Exercise goal: Within the listing below, give again exactly the lines between the one containing "๐ข ๐ก๐ข๐ง๐๐ฆ ๐ฃ๐๐ก๐จ๐ง๐จ๐ฃ๐๐ก" and the one containing "You can open the EPN Editor from a Spring", inclusive, pictures left aside.

Records:
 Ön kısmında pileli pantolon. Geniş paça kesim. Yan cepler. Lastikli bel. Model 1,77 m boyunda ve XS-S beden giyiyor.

...

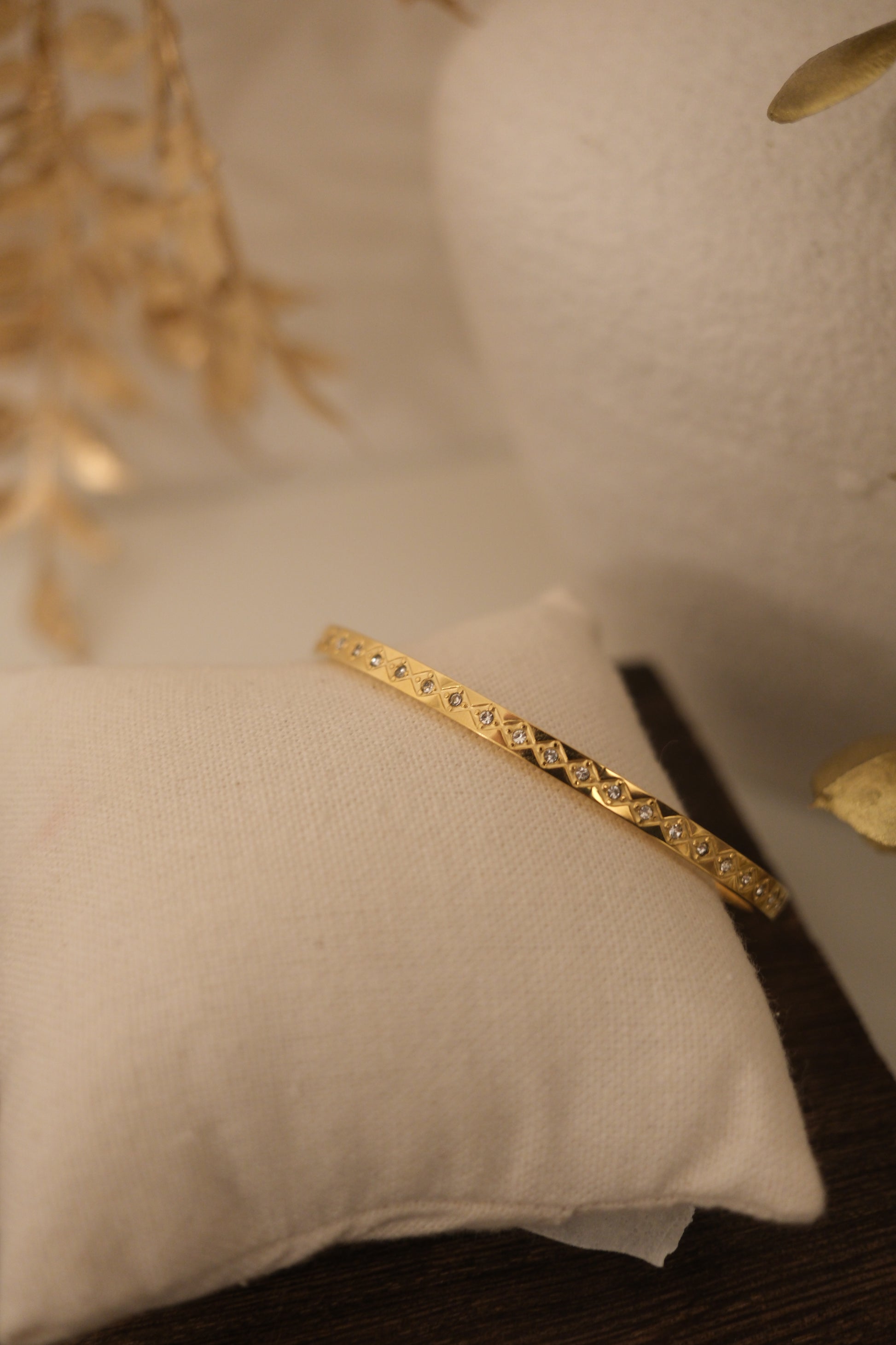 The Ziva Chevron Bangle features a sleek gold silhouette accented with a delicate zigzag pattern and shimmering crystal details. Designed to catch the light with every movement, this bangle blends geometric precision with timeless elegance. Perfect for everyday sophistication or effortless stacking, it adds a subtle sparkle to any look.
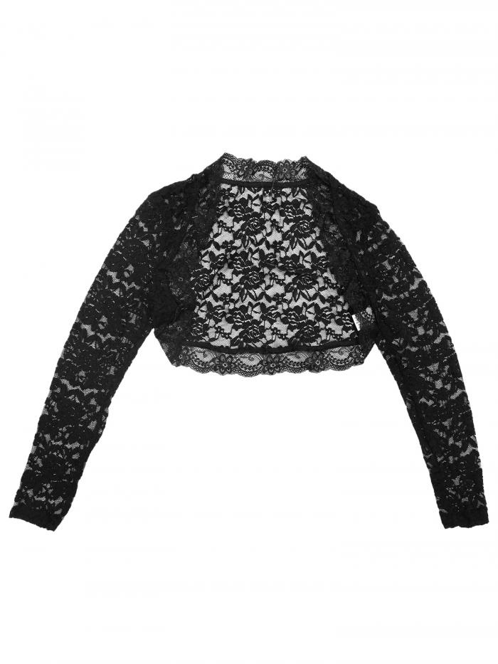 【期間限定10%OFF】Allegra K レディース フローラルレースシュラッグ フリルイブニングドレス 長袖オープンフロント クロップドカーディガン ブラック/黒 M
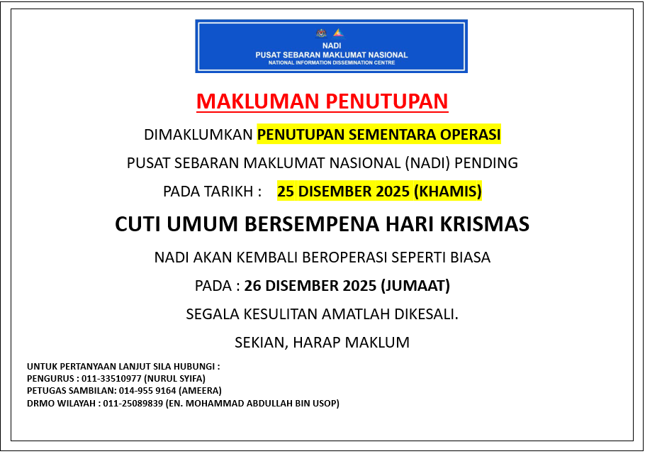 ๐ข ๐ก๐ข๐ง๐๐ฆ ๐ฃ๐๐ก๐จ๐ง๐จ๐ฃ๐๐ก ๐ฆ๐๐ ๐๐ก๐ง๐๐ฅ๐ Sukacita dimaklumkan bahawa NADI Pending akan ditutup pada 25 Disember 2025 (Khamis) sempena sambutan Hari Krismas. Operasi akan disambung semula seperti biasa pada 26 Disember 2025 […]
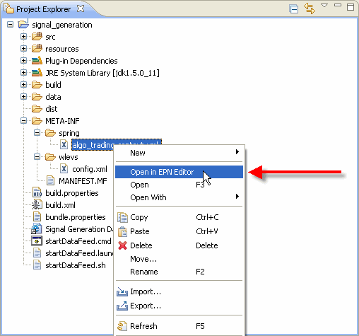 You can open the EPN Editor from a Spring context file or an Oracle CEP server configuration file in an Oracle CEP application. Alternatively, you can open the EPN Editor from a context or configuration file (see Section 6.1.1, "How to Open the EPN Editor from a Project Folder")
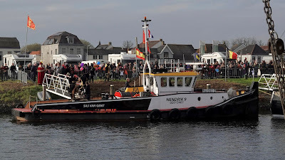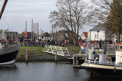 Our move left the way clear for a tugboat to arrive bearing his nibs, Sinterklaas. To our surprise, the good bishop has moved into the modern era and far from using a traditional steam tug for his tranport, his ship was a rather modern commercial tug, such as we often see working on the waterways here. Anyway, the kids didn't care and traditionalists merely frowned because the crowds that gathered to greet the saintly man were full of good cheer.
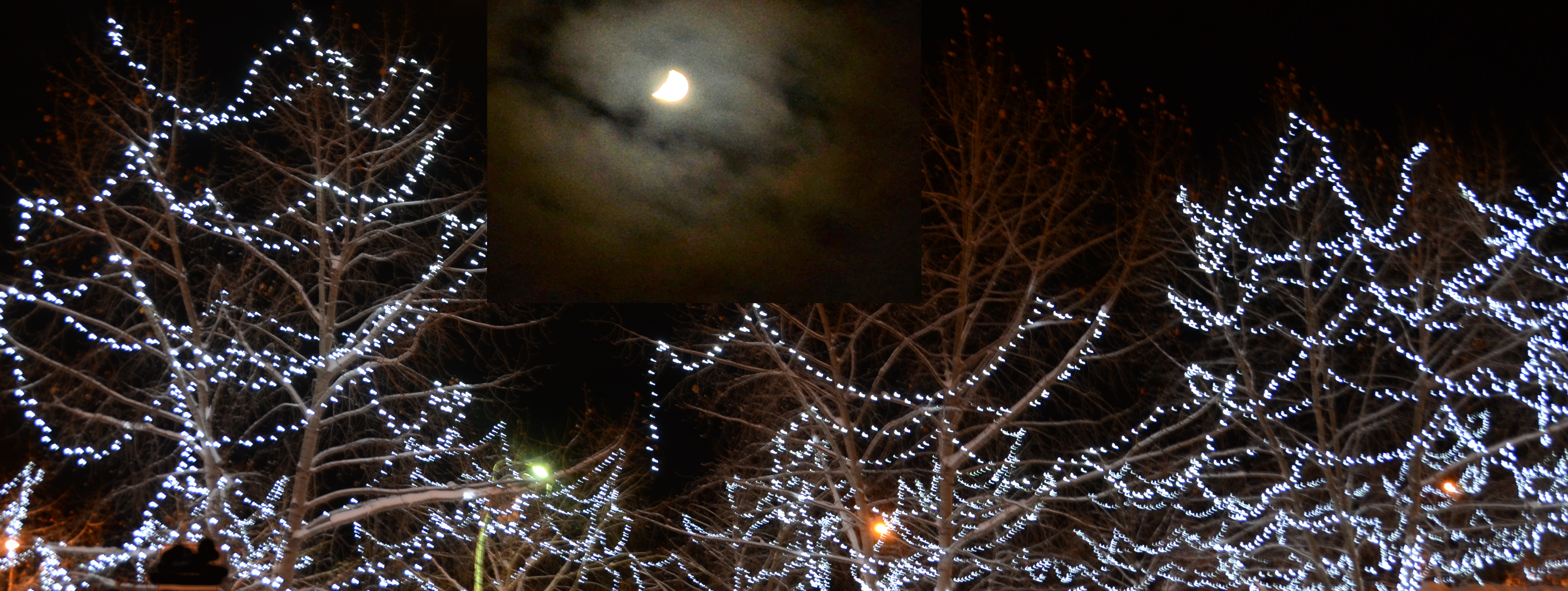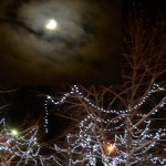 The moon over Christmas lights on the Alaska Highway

Task answer:
 ๐ข ๐ก๐ข๐ง๐๐ฆ ๐ฃ๐๐ก๐จ๐ง๐จ๐ฃ๐๐ก ๐ฆ๐๐ ๐๐ก๐ง๐๐ฅ๐ Sukacita dimaklumkan bahawa NADI Pending akan ditutup pada 25 Disember 2025 (Khamis) sempena sambutan Hari Krismas. Operasi akan disambung semula seperti biasa pada 26 Disember 2025 […]
 You can open the EPN Editor from a Spring context file or an Oracle CEP server configuration file in an Oracle CEP application. Alternatively, you can open the EPN Editor from a context or configuration file (see Section 6.1.1, "How to Open the EPN Editor from a Project Folder")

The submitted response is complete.